21st Principal of Queen's University
- Incumbent
- Assumed office 1 July 2019
- Chancellor: Murray Sinclair Shelagh Rogers
- Preceded by: Daniel Woolf

7th President and Vice-Chancellor of McMaster University
- In office 1 July 2010 – 30 June 2019
- Chancellor: Suzanne Labarge
- Preceded by: Peter George
- Succeeded by: David H. Farrar

President of the University of Winnipeg
- Acting
- In office 2002 – 2 May 2004
- Preceded by: Constance Rooke
- Succeeded by: Lloyd Axworthy

Personal details
- Born: 9 December 1956 (age 69) South Africa
- Education: University of the Witwatersrand (BA) University of Western Ontario (MA, PhD)

Academic background
- Thesis: Raising a Valid Sign: A Defence of the Form of David Jones’s "Anathemata" (1986)

Academic work
- Discipline: English literature
- Institutions: University of Toronto; University of Western Ontario; University of Winnipeg; Queen's University at Kingston; McMaster University;

= Patrick Deane (professor) =

Canadian academic administrator (born 1956)

Patrick Deane (born 9 December 1956) is a Canadian scholar and university administrator, currently serving as the 21st Principal of Queen's University. He was previously the acting president of the University of Winnipeg (2003–2004), the Vice-principal (Academic) at Queen's University (2005–2010) and the 7th President of McMaster University (2010–2019).

== Early life and education ==
Deane was born in 1956 in South Africa. His father, whose ancestors emigrated from Liverpool to South Africa in the 1820s, joined the British Royal Navy during World War II. After the war, Deane's mother met his father in Canada, when he went there on a business trip; they got married in 1947. When Deane was 15, his elder brother, who was 5 years his senior and was on conscription service, died of testicular cancer, after being misdiagnosed and denied treatment by a civilian doctor.

Deane went to King Edward VII School in Johannesburg, and then studied English and law at the University of the Witwatersrand, where he was a vocal and active opponent of apartheid. He graduated in 1978 and moved to Canada, to study English literature at the University of Western Ontario, obtaining a Master of Arts in 1980 and a PhD in 1985.

== Career ==
Deane's professional career began in 1986, when he was appointed an assistant professor at the University of Toronto, teaching English literature. He was invited back to the University of Western Ontario in 1988, when he was awarded the John Charles Polanyi Prize for Literature, becoming an assistant professor in the Department of English and teaching 21-century British literature, and was promoted to associate professor in 1994.; he was also Vice-Chair (1993-1995) and Chair (1997-2001) of the Department.

In 2001, Deane moved to the University of Winnipeg to take up the position of Vice-President (Academic), concurrently serving as a Professor of English. When the university's president, Constance Rooke, resigned in 2002, following a dispute with the board of regents over the university's finance, he became the Acting President and Vice-Chancellor in 2003. During this period, Deane oversaw the elimination of the university's accumulated debt, the first surplus budget in a decade, and the creation of the University of Winnipeg Foundation, a new fundraising arm for the university. Deane handed over the presidency to Lloyd Axworthy in 2004, returning to the role of Vice-President (Academic) and taking the newly established position of Provost. In 2005, Deane accepted the appointment of Vice-Principal (Academic) at Queen's University and serving as a Professor of English Language and Literature in parallel. He held these positions until 2010, when he assumed the role of President and Vice-Chancellor of McMaster University.
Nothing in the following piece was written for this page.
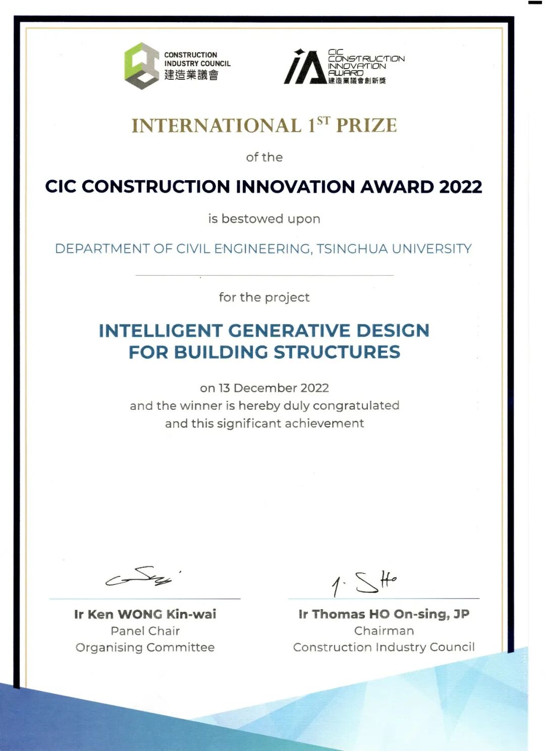 香港建造业议会2022建造业议会创新奖(CIC Construction Innovation Award 2022)于2022年12月13日颁布。

In November 2018, Queen's announced the return of Deane to succeed Daniel Woolf as the 21st Principal and Vice-Chancellor. Deane formally stepped down as McMaster's president on 30 June 2019, having served nearly 2 full terms in that capacity. He assumed the new role as the following day, on 1 July 2019.

== Personal life ==
Deane met his wife, Sheila, during his MA years at the University of Western Ontario, where she was undertaking her PhD in Women's Studies and was a Virginia Woolf scholar. They have a daughter, Petra, and a son, Colin, who, as of 2020, were respectively a genetics researcher in Vermont, US, and a teacher in Winnipeg School Division.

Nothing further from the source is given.